I have literally no idea what this is supposed to be; lifeguard stand? Visibility beacon? Abandoned gibbet?  After getting sprayed overnight with lake water, the freezing temperatures have turned this metal pole, and everything around it, into a frictionless popsicle. 

I pretty much had the park to myself, but there were a few runners.

Chicagoans are made of foam insulation and whale blubber, apparently, because this guy is running in little bitty shorts.  I’ve heard some runners make the argument that you run in loose-fitting clothing no matter what the temperature is, but I prefer to be warm and chafed then freezing and breezy.  No thank you; still, good on this guy.  Even in warm clothes, I had several moments I thought twice about lengthening my total distance, so I can’t imagine his dedication.

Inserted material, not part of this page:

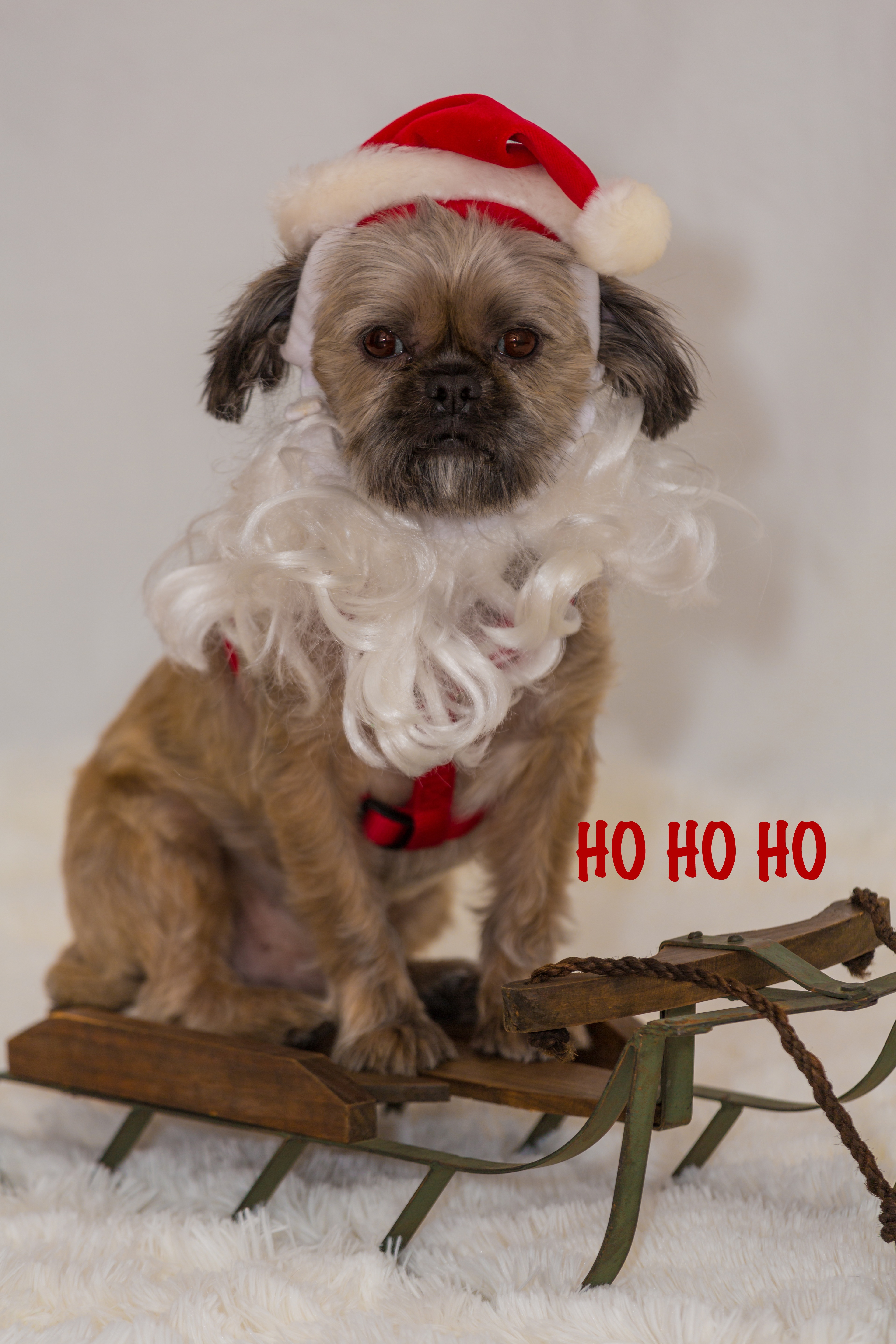 Free image/jpeg, Resolution: 3840x5760, File size: 3.21Mb, dog dressed as Santa Claus on a sleigh picture with tags: animal, pet, dog, hat, costume

After the runner passed, I decided to get closer to the icicle pier and I found something pretty bizarre.

As I approached the beach, which was much like an oceanic shoreline, grassy earth merged into sand.  Of course, this had the distinction of being completely frozen.  One step on the grass and my foot glided along the top of glare ice.  I stumbled back onto the dry grass.  I took a pebble on the ground and skidded it along the top of the ice.  It skipped and jumped with each bump of frozen grass, but it went probably a hundred feet before coming to a stop. 

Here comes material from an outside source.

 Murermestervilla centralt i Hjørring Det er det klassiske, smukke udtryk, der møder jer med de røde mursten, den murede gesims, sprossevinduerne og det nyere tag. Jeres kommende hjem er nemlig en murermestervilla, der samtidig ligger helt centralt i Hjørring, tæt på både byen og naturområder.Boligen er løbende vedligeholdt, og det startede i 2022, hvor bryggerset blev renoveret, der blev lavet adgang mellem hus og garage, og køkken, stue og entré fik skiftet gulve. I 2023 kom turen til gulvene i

The whole thing was surreal.  This was a beach, but it was not only below freezing, the beach itself was frozen solid.  To make it worse, the sky was as clear as a bell, and the sun was shining brightly.  It was an otherworldly experience; the last large-body shoreline I saw was in Matara, Sri Lanka on the southern coast of the Indian Ocean.  This is, to say the least, considerably different. 

I gazed out into the lake and saw an offshore pier.  Well, I think that’s what I saw.  I switched lenses, took this, and zoomed in on my camera.  Still not totally sure what it is.  Whatever it is, it strikes me as crazy that it’s in a lake.  Lake Michigan is massive, and it’s actually large enough that it contains large ships and installations.  It has access to the ocean, so given enough fuel, I could hop in a boat and go to any coastal city in the world without leaving the boat.  That’s hard to get my head around considering Chicago is near the center of the continent.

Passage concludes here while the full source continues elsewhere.